To use a custom prompt, subclass OLaLaLLMDataset, override the prompt class attribute, and pass your subclass via the dataset_class argument of OLaLaLLMAligner.

Advanced Usage

🔧 Custom System Prompt (Chat Models) Usage: Chat-tuned models such as Llama-2-70b-chat-hf expect a specific conversation template.
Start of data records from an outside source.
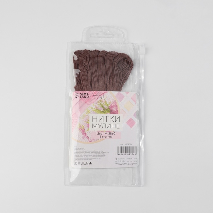 Набор ниток мулине №3860, 8 ± 1 м, 6 шт, цвет какао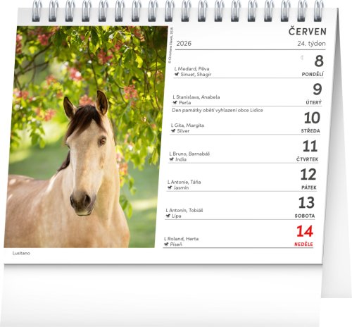 Oslavte svátek spolu se svým koňským parťákem - v tomto praktickém stolním kalendáři najdete jména koní na každý den. Kalendář zdobí hezké fotografie od Christiane Slawik a nechybí ani prostor na poznámky.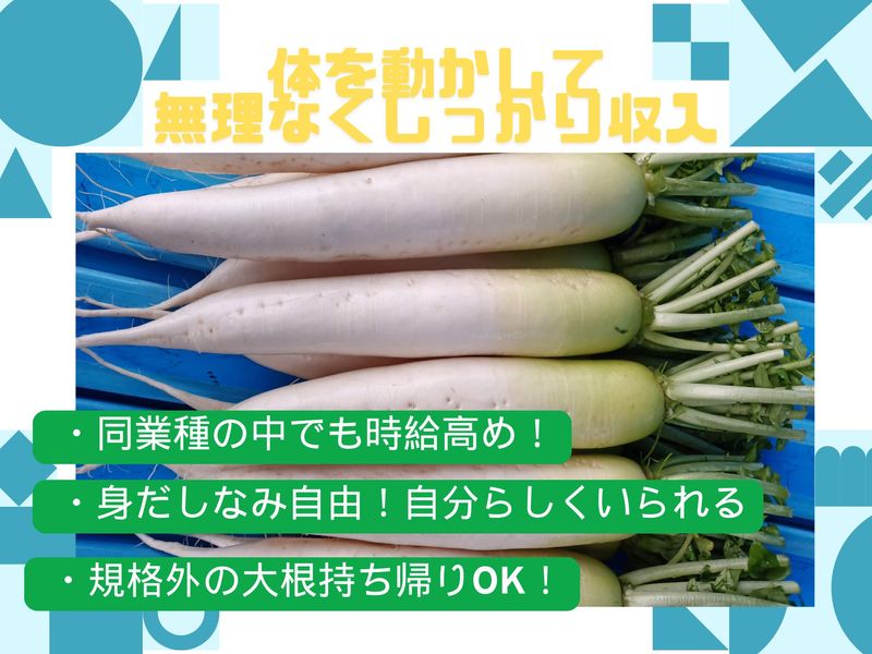 未経験の方歓迎!スキマ時間勤務と高水準の給与が魅力!規格外の大根も持ち帰りOK!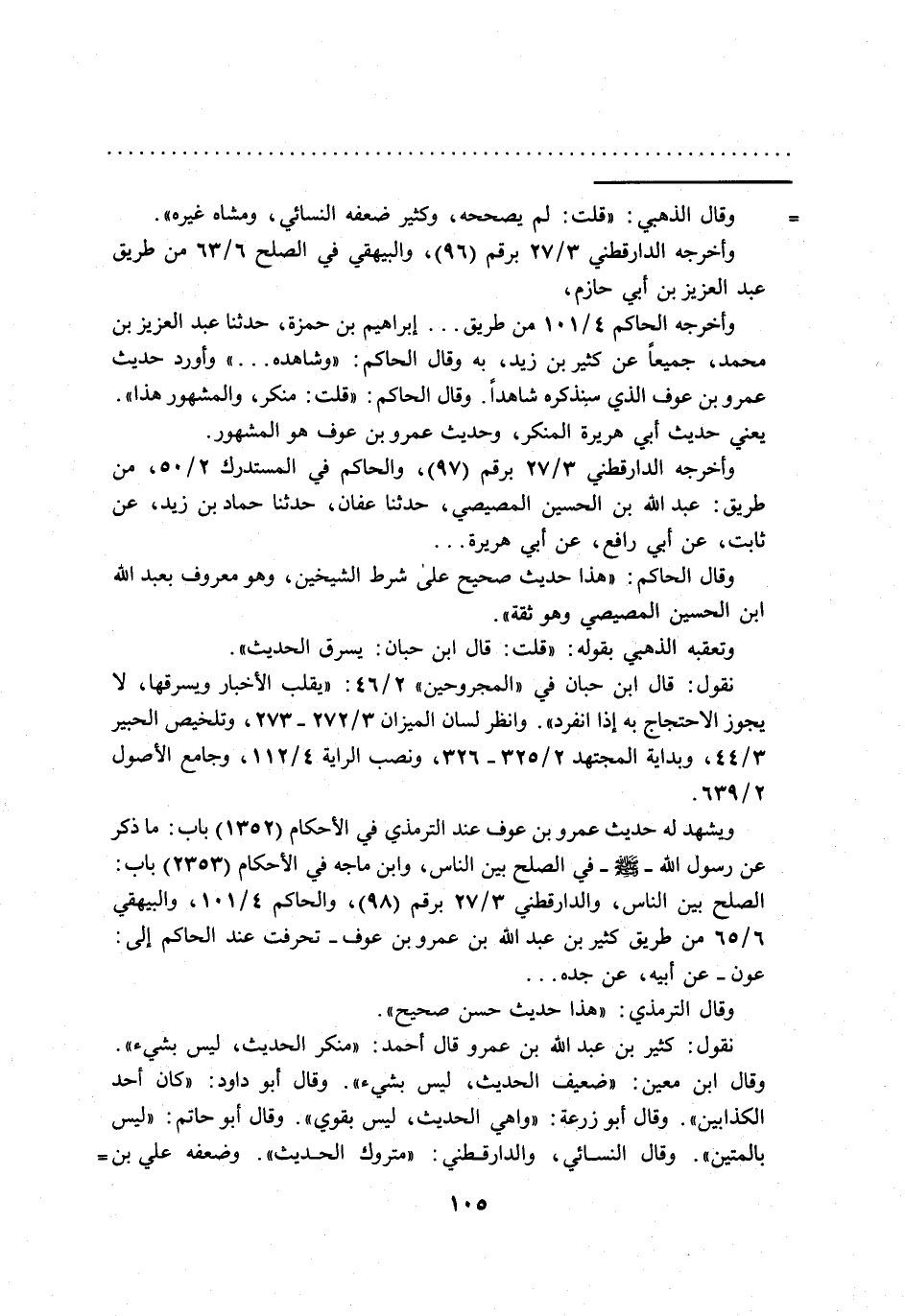 = وقال الذهبي: "قلت: لم يصححه، وكثير ضعفه النسائي، ومشاه غيره". وأخرجه الدارقطني 3/ 27 برقم (96)، والبيهقي في الصلح 6/ 63 من طريق عبد العزيز بن أبي حازم،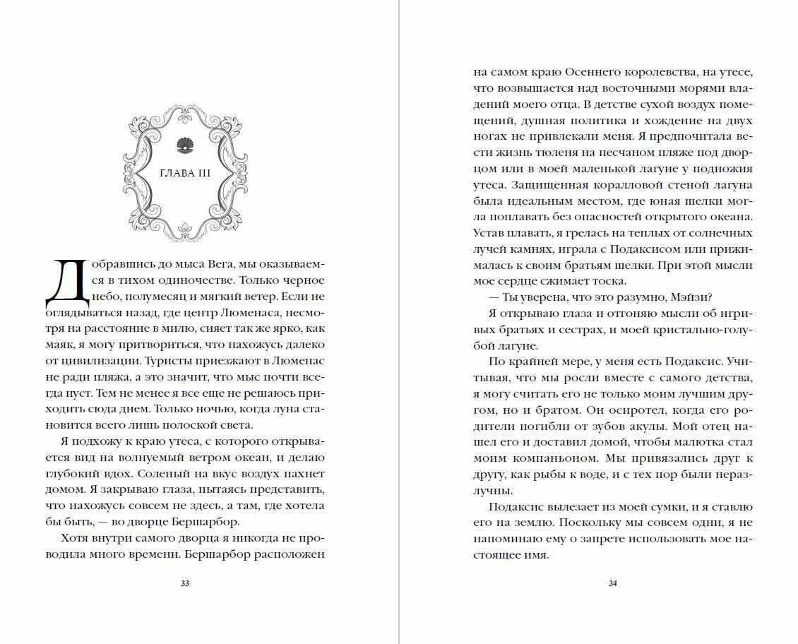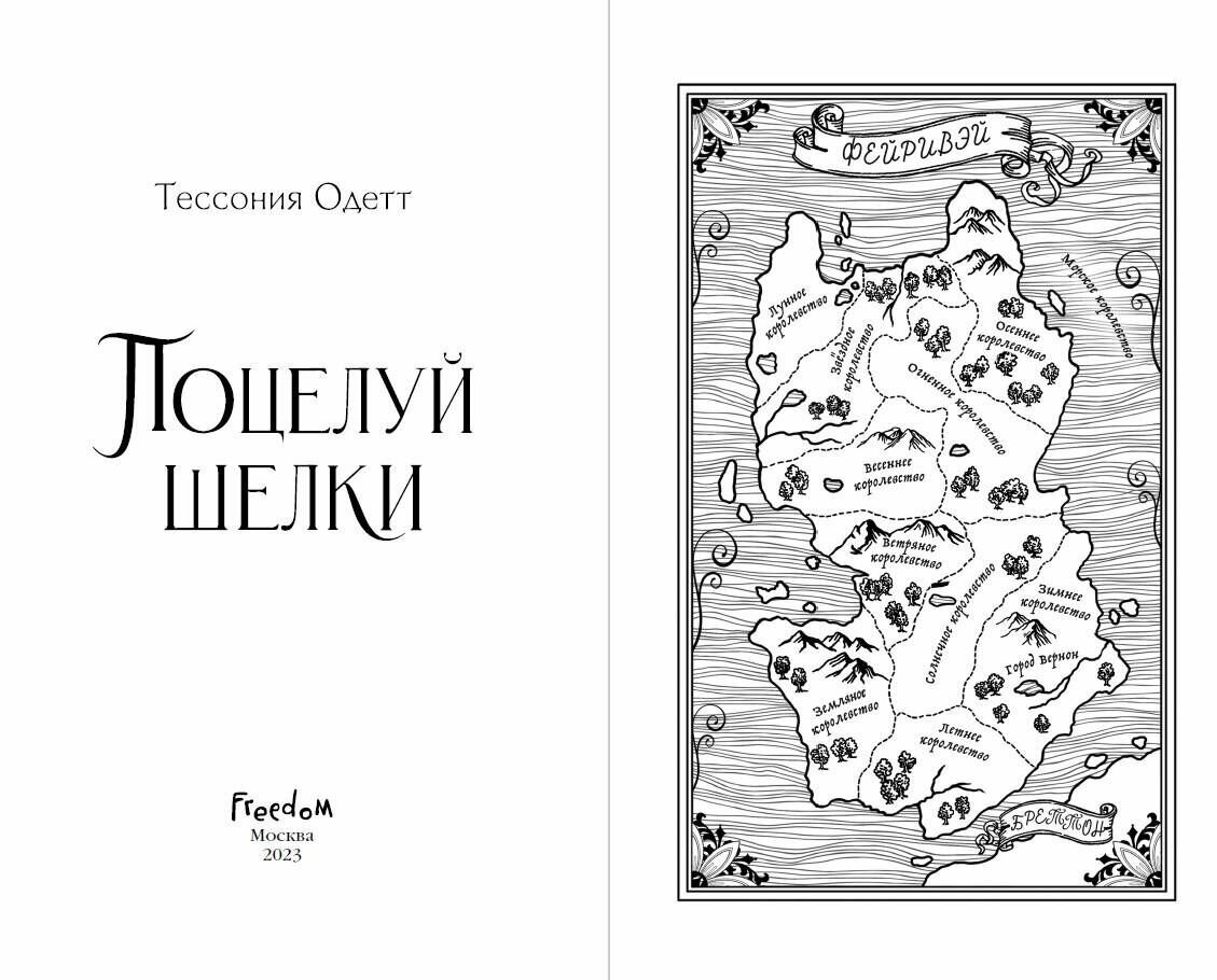 Красивый беглец ищет брак по расчету. Шелки, чей поцелуй смертелен, может решить его судьбу... Чтобы избежать гнева злобной морской королевы, шелки Мэйзи прячется на суше, зарабатывая воровством. Однажды девушка спасает тонущего человека и вытаскивает его на берег, тем самым нарушая закон фейри. В качестве наказания ей необходимо выследить спасенного юношу… и подарить ему свой смертоносный поцелуй. Сын печально известного убийцы фейри, Дориан, попав на запретный остров, сделает все, чтобы остаться здесь, даже если для этого потребуется жениться. А Мэйзи предстоит притвориться дебютанткой, чтобы завоевать его внимание. Но если любовь однажды придет на смену притворству, неужели рокового поцелуя будет не избежать? Ретеллинг сказки «Русалочка». В отличие от классической сказки, действие романа разворачивается в мире морских обитателей, фейри и магии. Мэйзи хранит секрет, который может стать ее смертью. Что она выберет: свободу или море, любовь или погибель? Она должна найти ответы до того, как пророчество исполнится и никого уже будет не спасти. 4 книги. 4 ретеллинга сказок: «Красавица и Чудовище», «Золушка», «Русалочка» и «Белоснежка». Разные персонажи, локации, магия, приключения, одна вселенная Фейривэй. Романтическое фэнтези, в котором сплетаются королевские интриги, зловещие сделки, страсть и коварные проклятия. Ретеллинг знаменитой сказки + мир фейри, пиратов и подводного царства. На форзацах будут иллюстрации персонажей и цитаты. А также внутри макета вас ожидает приятный сюрприз в виде карты вселенной Фейривэй. Серия набрала более 4300 оценок на сайте Amazon На просторах интернета можно найти атмосферные арты персонажей, которыми делится сама Тессония Одетт.

Pass system_prompt_template to wrap the filled few-shot prompt:

llm_aligner = OLaLaLLMAligner(
    system_prompt_template="[INST] {user_prompt} [/INST]",
    ...
)

⚡ Lightweight / CPU Mode Usage: For quick experiments without GPU access, reduce the model size and disable 8-bit loading:

retriever = OLaLaSBERTRetrieval(device="cpu", top_k=3)

llm_aligner = OLaLaLLMAligner(
    device="cpu",
    loading_arguments={"torch_dtype": "torch.float32"},
)

Consider using a smaller model such as ``meta-llama/Llama-2-7b-hf`.

🔬 Components Standalone Usage: Each component can be used independently of OLaLaAligner:

# SBERT retrieval only
retriever = OLaLaSBERTRetrieval(device="cuda", top_k=5)
retriever.load(path="multi-qa-mpnet-base-dot-v1")
candidates = retriever.generate(input_data=encoded_ontology)

# LLM aligner only (accepts SBERT candidates)
llm_aligner = OLaLaLLMAligner(device="cuda", ...)
llm_aligner.load(path="upstage/Llama-2-70b-instruct-v2")
llm_predictions = llm_aligner.generate(
    input_data=[source_items, target_items, candidates]
)

# High-precision matcher only
hp_aligner = OLaLaHighPrecisionMatcher(confidence=1.0)
hp_predictions = hp_aligner.generate(input_data=encoded_ontology)

When to use the standalone matcher

Scenario

Recommendation

Fast baseline / sanity check

Run standalone; takes seconds even on large ontologies.

Ontologies with highly consistent labelling conventions

Standalone HighPrecisionMatcher may already achieve acceptable recall.

Pre-filtering before a costly LLM run

Run HP first, remove matched concepts, then feed the remainder to OLaLaAligner.

Full production alignment

Use OLaLaAligner — HP is automatically included and its results are merged with LLM predictions at confidence 1.0.